Alfredo Letanú

Personal information
- Full name: Alfredo Raúl Letanú
- Date of birth: 12 August 1952
- Place of birth: Campana, Argentina
- Date of death: 5 February 2025 (aged 72)
- Place of death: Campana, Argentina
- Height: 1.80 m (5 ft 11 in)
- Position: Forward

Senior career*
- Years: Team / Apps / (Gls)
- 1971: Villa Dálmine
- 1972–1974: Boca Juniors / 50 / (8)
- 1975: Gimnasia de Mendoza / 16 / (8)
- 1976: Unión Española / 13 / (6)
- 1976–1977: Estudiantes / 15 / (9)
- 1978: Racing Club / 13 / (2)
- 1979: San Lorenzo / 7 / (1)
- 1980: Boca Juniors / 9 / (2)
- 1981: Villa Dálmine
- 1982: Gimnasia de Mendoza / 15 / (7)
- 1982–1983: Cartagena / 15 / (4)
- 1983: Cambaceres / 16 / (2)

= Alfredo Letanú =

Argentine footballer (1952–2025)

Alfredo Raúl Letanú (12 August 1952 – 5 February 2025) was an Argentine professional footballer who played as a forward.

==Career==
Letanú travelled to various clubs, scoring 10 goals with Boca Juniors, 38 with Estudiantes, and 14 with Gimnasia y Esgrima.

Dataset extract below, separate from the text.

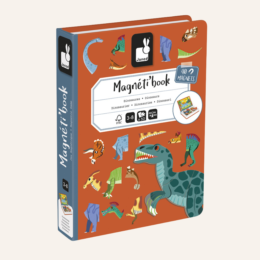 Account aanmakenEducatief magneetspel van karton met dinosaurussen als thema, bestaande uit 40 magneten en 10 kaarten met de Latijnse naam van de dinosaurus. Open het boek en maak dezelfde dinosaurus op de magnetische achtergrond als deze die op de kaart is aangegeven met behulp van de magneten. Het kind kan zich tevens vermaken met het mengen van verschillende stukken voor het creëren van nog meer griezelige wezens, gezien alle stukken onderling verwisselbaar zijn. Geschikt voor kinderen van 3-8 jaar.

In 1976, he played for Chilean club Unión Española and entered in six matches in the Copa Libertadores, scoring one goal. He played 15 matches in the Segunda División with Cartagena, scoring four goals.

Letanú ended his career with Defensores de Cambaceres in 1983, scoring two goals in 16 matches.

==Death==
Letanú died in Campana on 5 February 2025, at the age of 72.